Sioux Wars
Part 7

Conclusion:
Demise of the Plains Warriors

by Pete Panzeri

The anthropological and behavioral sciences are only a part of understanding the military history of the wars for the North American Plains, but they are undeniably a foundational part. To conduct any analysis of a battle or campaign without cautious clarification of the culture, economy, technology, tactical models, and practice or war, will lead to an erroneous appreciation for the events, and false conclusions. It is equally imperative that this clarification fits logically and consistently with the human experience and nature of warfare in general.

The methods of trooper and tribal warfare, strategy, and tactics, from 1866-1877 serve as prime examples of tactical and technological evolution and of the acculturation of two violently clashing warlike cultures. Clifford J. Rogers defines even the most dramatic military changes (which others call "military revolutions" ) as "punctuated evolution equilibrium[s]" where the introduction of one superior method or technology generates a countermeasure. Rogers also identifies periods of military innovation as "dependent on socio-cultural conditions. " Accurately understanding this foundational model of military evolution is an essential first step in the analysis of any campaign, past, present or future. Omission of these symptoms of military evolution prevalent during the Sioux Wars has been responsible in no small part for what Roger Darling calls "a century of misconceived history."

In his article "What is the Western Way of War?" Geoffrey Parker identifies five cultural distinctions found in the European conduct of war. Claiming that, when combined, these five principal foundations provide a formula for military success: technology, discipline, a highly aggressive military tradition, a remarkable capacity to innovate (and to respond rapidly to the innovations of others) and a unique system of acquiring war resources through "war finance." This is how Parker accounts for the extraordinary success of Western [European] military endeavors against Eastern and indigenous enemies by giving both strategic and tactical examples. The eventual application of these principles enabled the US Army to succeed tactically and operationally against the Sioux in 1877, where they had failed in 1867 or 1876.

Later Army advantages included: Availability and use of superior technology, appointment of more aggressive and trained institutional military leaders, adaptation to counter Sioux methods through total warfare, and a commitment of overwhelming ("financed") war resources. The Sioux apparently excelled at four of Parker's five principles. They adopted and adapted to the most critical and necessary forms of technology, maintained a military system of individual and group discipline in their warrior societies, developed a highly aggressive military tradition in their religious and tribal bonds, an also showed a tactical capacity to innovate, responding to the innovations of their enemy. The fifth principle of "war finance" was inconceivable to the Sioux and unattainable with their culture and military system. Acculturized war resources for the Sioux depended on three irreconcilable components: a buffalo and horse economy, technology from white traders, and an isolated refuge. By 1877 these were were gone.

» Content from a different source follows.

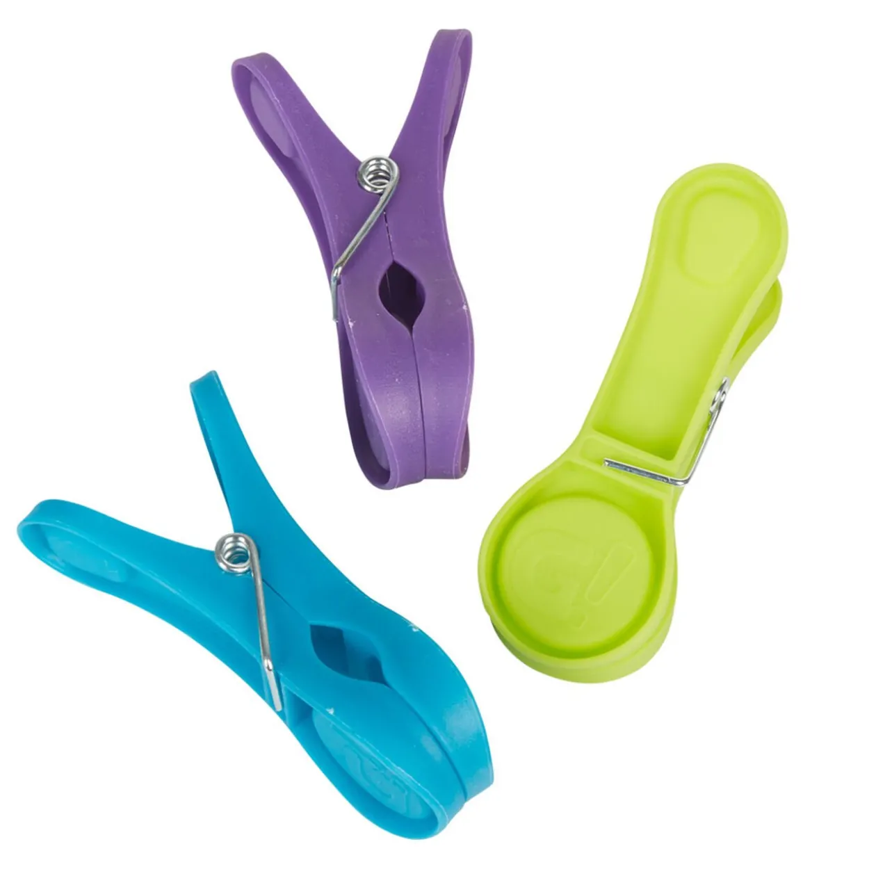 Assortiment de 24 pinces à linge en plastique multicolore.Dimensions: 3,2×8,9×4,2 cm

Sioux and Cheyenne military methods evolved between 1866 and 1877 through acculturation: increased technological availability, and the increased threat and mode of white encroachment, and the near extermination of the bison herds of the American Great Plains. Their initial successes and failures and the conditions provided through U. S. Government peace initiatives caused them to adapt war-fighting techniques which in turn changed the nature of their entire culture (which also changed drastically again after white subjugation). The Army changes were a direct result of this successful Indian acculturation and economic expediency, which again had a profound effect on the institution of the United States Army.

It is ironic that in reaching the apex of their combat effectiveness and successfully synthesizing their combat methods, the Sioux and Cheyenne hostiles hastened their own strategic defeat. Their success induced effective changes in US strategy, Army methods, and available resources. The result was a very severe response, and the eventual complete military subjugation of all of the plains tribes. As the Crow medicine woman, Pretty-Shield described the Plains Indians' postwar plight: "Because we were used to listening to our chiefs in the buffalo days, the days of war and excitement, we listened to them now; and we got whipped." In the ten short years after the American Civil War the American West and Great Plains had changed significantly, and warfare on the plains had changed with it. The "buffalo days" and "the days of war and excitement" were a period of significant change for warriors of both the US Army and Teton Sioux.